The earliest Greek philosophers are called the Natural Philosophers because they were concerned with the natural world and its processes.

The Natural Philosophers observed with their own eyes that nature was in a constant state of transformation. Simply put they asked three basic questions:

  • But how could such transformations occur?
  • How could something change from being substance to being a living thing, for example?
  • Why is there such variety?

The Root of All Change

All the earliest philosophers shared the belief that there had to be a certain basic substance of what can be called the Root of All Change.

How they arrived at this is uncertain.

Generally speaking, all that remains of their works are a few textual fragments and the quotations of later philosophers and historians. A large part of what we know about the Natural Philosophers is from Aristole who lived two centuries later and whose writings survive.

We only know that the belief gradually evolved that there must be a basic substance that was the hidden cause of all changes in nature. For the Natural Philosophers, there had to be ‘something’ that all things came from and returned to.

The most interesting part is actually not what solutions these earliest philosophers arrived at, but which questions they asked and what type of answer they were looking for.

In short, what’s important is not so much what the Natural Philosophers thought, but how they were thinking.

The Natural Philosophers posed questions relating to the transformations they could observe in the physical world.
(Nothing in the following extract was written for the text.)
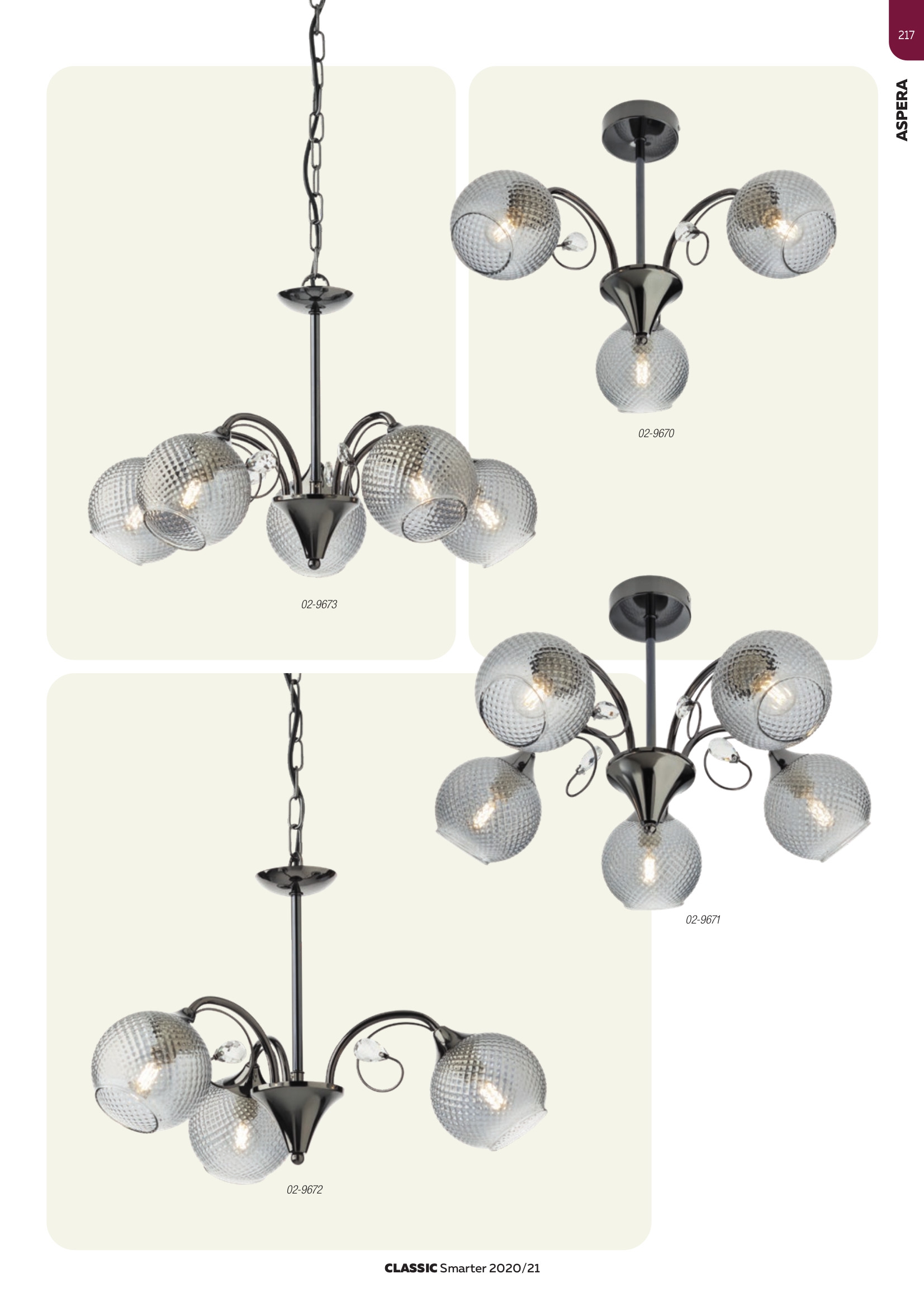 За стила и естетиката на интериора допринасят, както цялостната визия и дизайн на осветителното тяло, така и вложените от производителя в изработката висококачествени материали, като метал в тъмен хром (gun metal), прозрачен стъклен орнамент, абажури от опушено стъкло.

They were looking for the underlying laws of nature. They wanted to understand what was happening around them without having to turn to the ancient myths and most importantly, they wanted to understand the actual processes by studying nature itself.

This was quite different from explaining thunder and lightning or winter and spring by telling stories about gods. So philosophy gradually liberated itself from mythology. The Natural Philosophers took the first step in the direction of scientific reasoning, thereby becoming the forerunners of what was to become science.

The search in nature had started for a basic substance that was the Root of All Change.